The semiconductor sector looked “way overbought,” according to Ohsung Kwon, chief equity strategist at Wells Fargo. But Kwon said he did not see this as “the end of the semi bull market.” Dennis Dick, proprietary trader at Triple D Trading, said investors had “blindly” bought any dip until Friday. Reuters
Nvidia shares fell even though the company’s latest report showed revenue is still strong. For the fiscal first quarter, Nvidia posted revenue of $81.6 billion, up 85% from the prior year. Data Center brought in $75.2 billion. Nvidia’s outlook for second-quarter revenue is $91.0 billion, give or take 2%. The board signed off on an extra $80 billion for buybacks and bumped up the dividend to 25 cents a share from 1 cent.

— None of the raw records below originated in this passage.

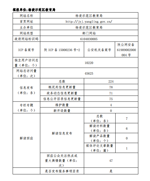 政府网站工作年度报表(杨凌示范区教育局)(2019年度)
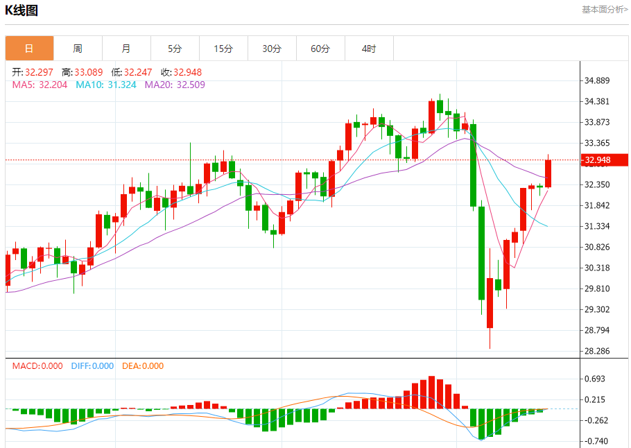 现货白银:截止北京时间20:16,现货白银上涨,现报32.946,涨幅2.05%。纽市盘前,白银价格在盘中水平上涨,达到我们的价格目标32.90美元,受到短期看涨修正趋势的支撑,并沿着陡峭的趋势线交易,RSI上出现积极信号。
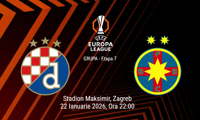 Partida Dinamo Zagreb – FC Steaua se va juca pe Stadion Maksimir din Zagreb, joi, 22 ianuarie 2026, de la ora 22:00, în cadrul rundei cu numărul 7 a fazei principale din Europa League. Partida se va transmite la TV pe două posturi: Prima Sport 1 și Digi Sport 1 .
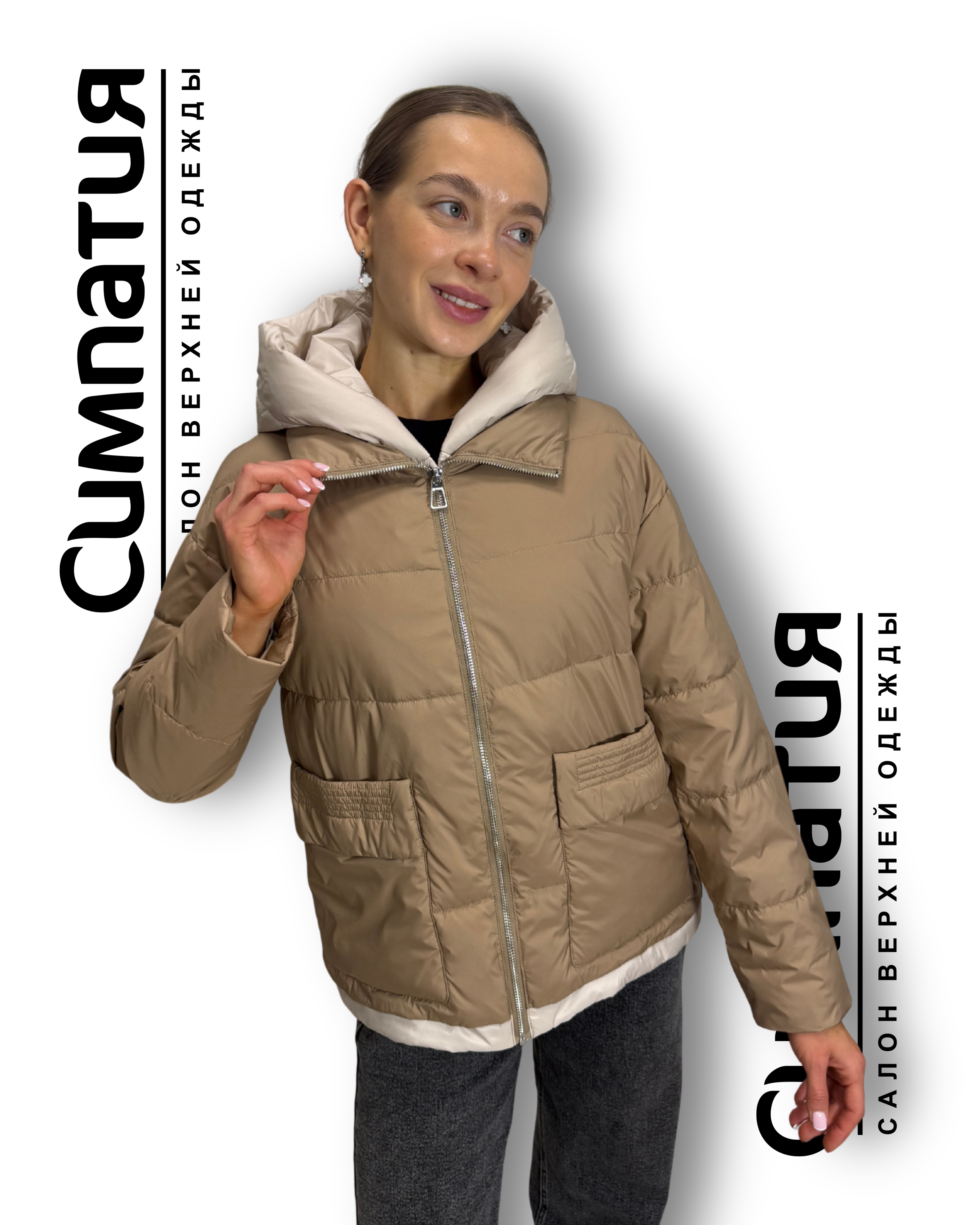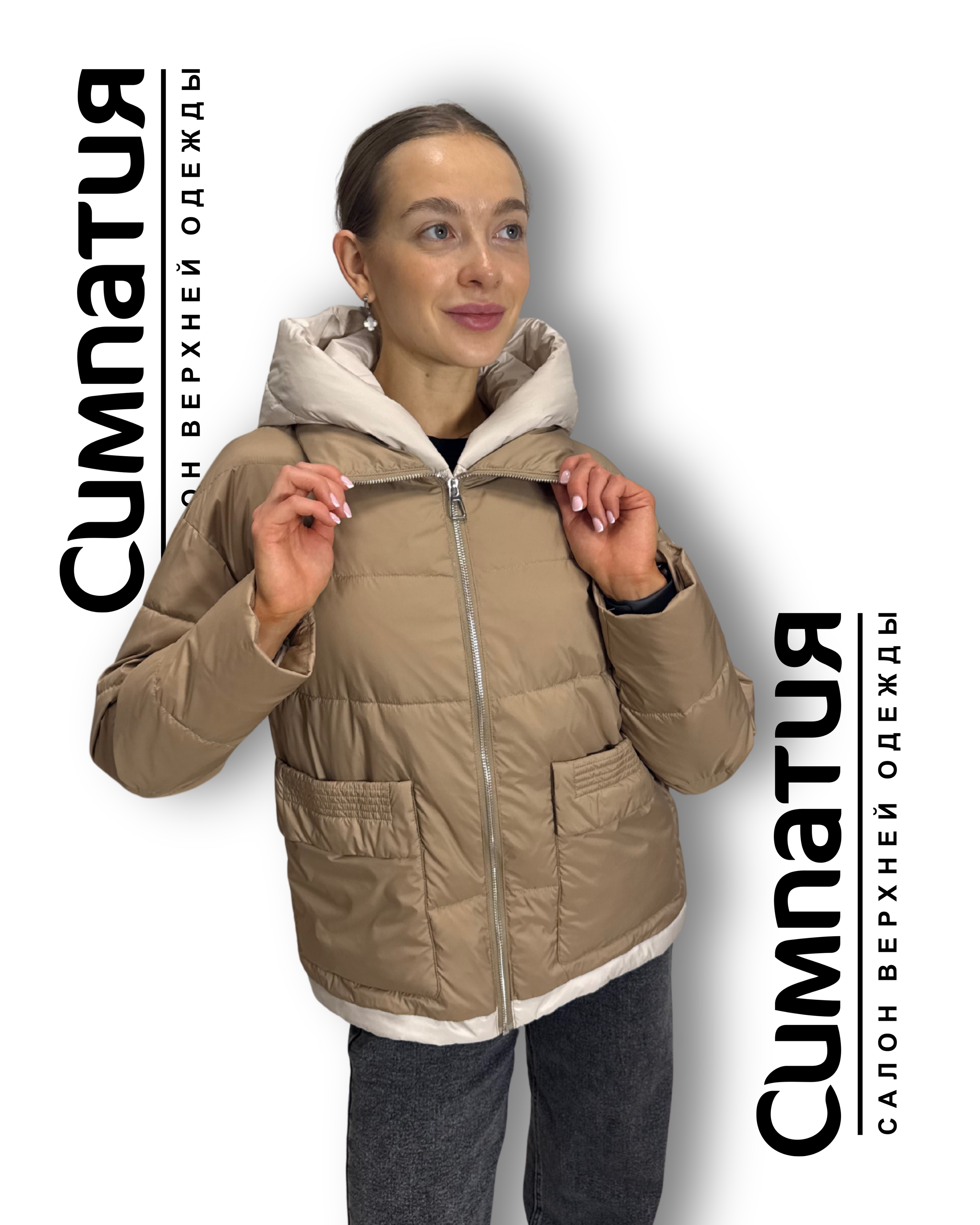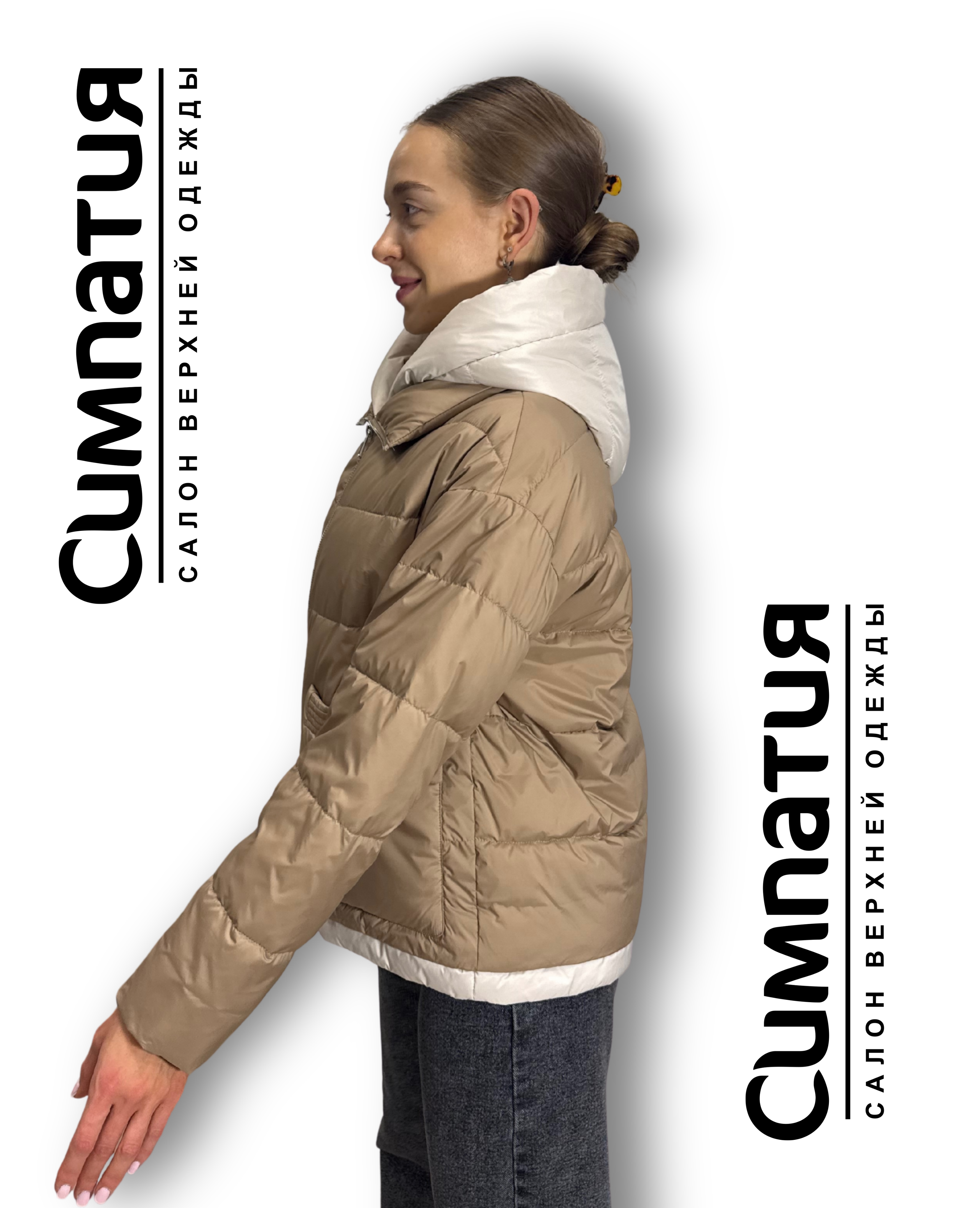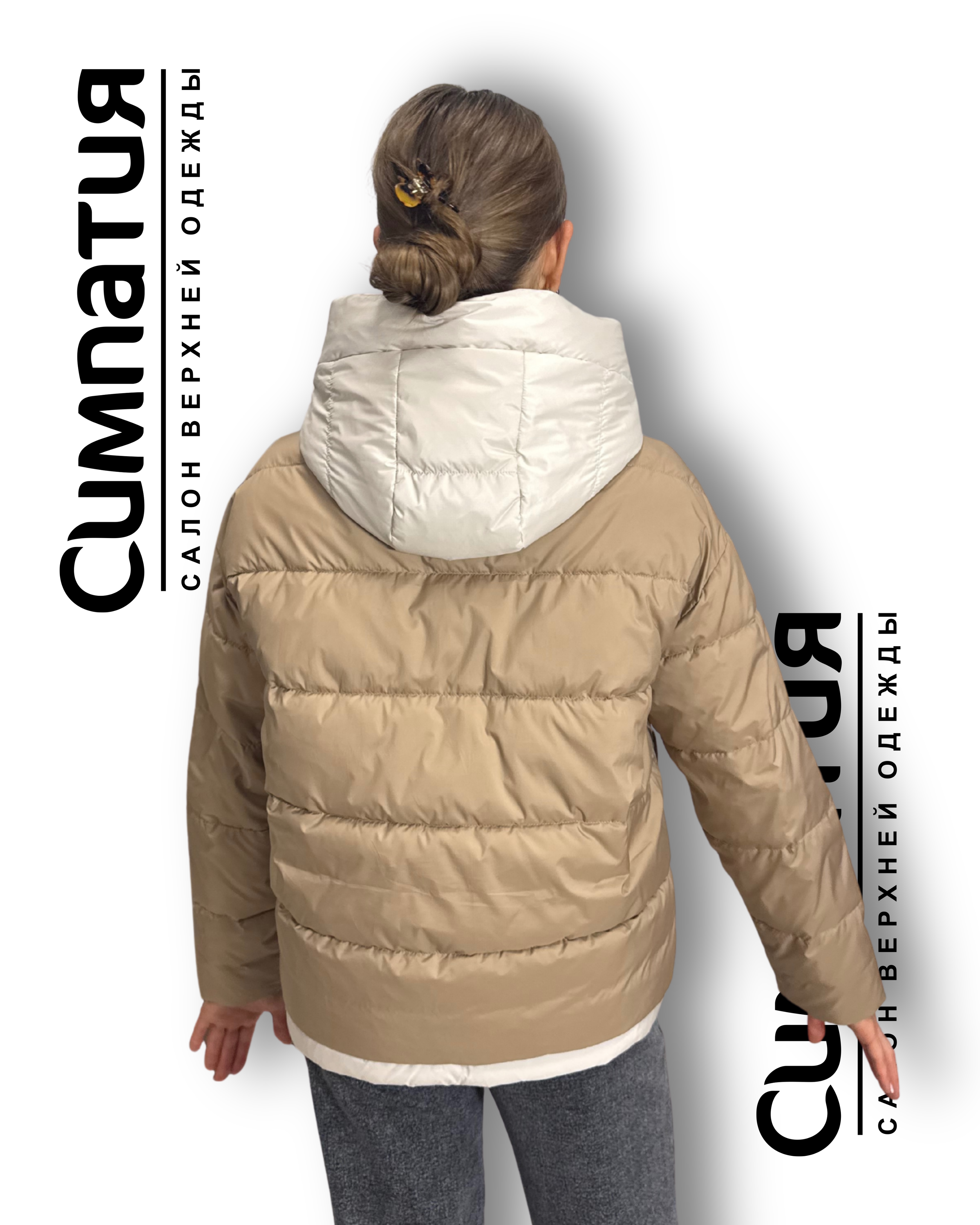 Комбинированная куртка бежевого цвета со сливочным капюшоном

Nvidia CEO Jensen Huang was in Seoul on Friday, pushing future demand. He talked up robotics and “physical AI” for South Korean factories and told reporters, “I brought a lot of business for Korea.” Reuters reported Samsung Electronics, SK Hynix and Micron have all been cleared to supply HBM4, the high-bandwidth memory used with AI chips, for Nvidia’s Vera Rubin AI platform. Reuters
Friday’s selloff could be more than just a shakeout. If Broadcom’s weaker AI message means custom-chip orders are slowing, or if higher yields keep hitting expensive growth stocks, Nvidia may have less margin even with robust demand numbers.
Right now, the question is whether buyers return to AI chip stocks after trimming risk this weekend, or if traders want to see cooler inflation before jumping back into Nvidia and similar names.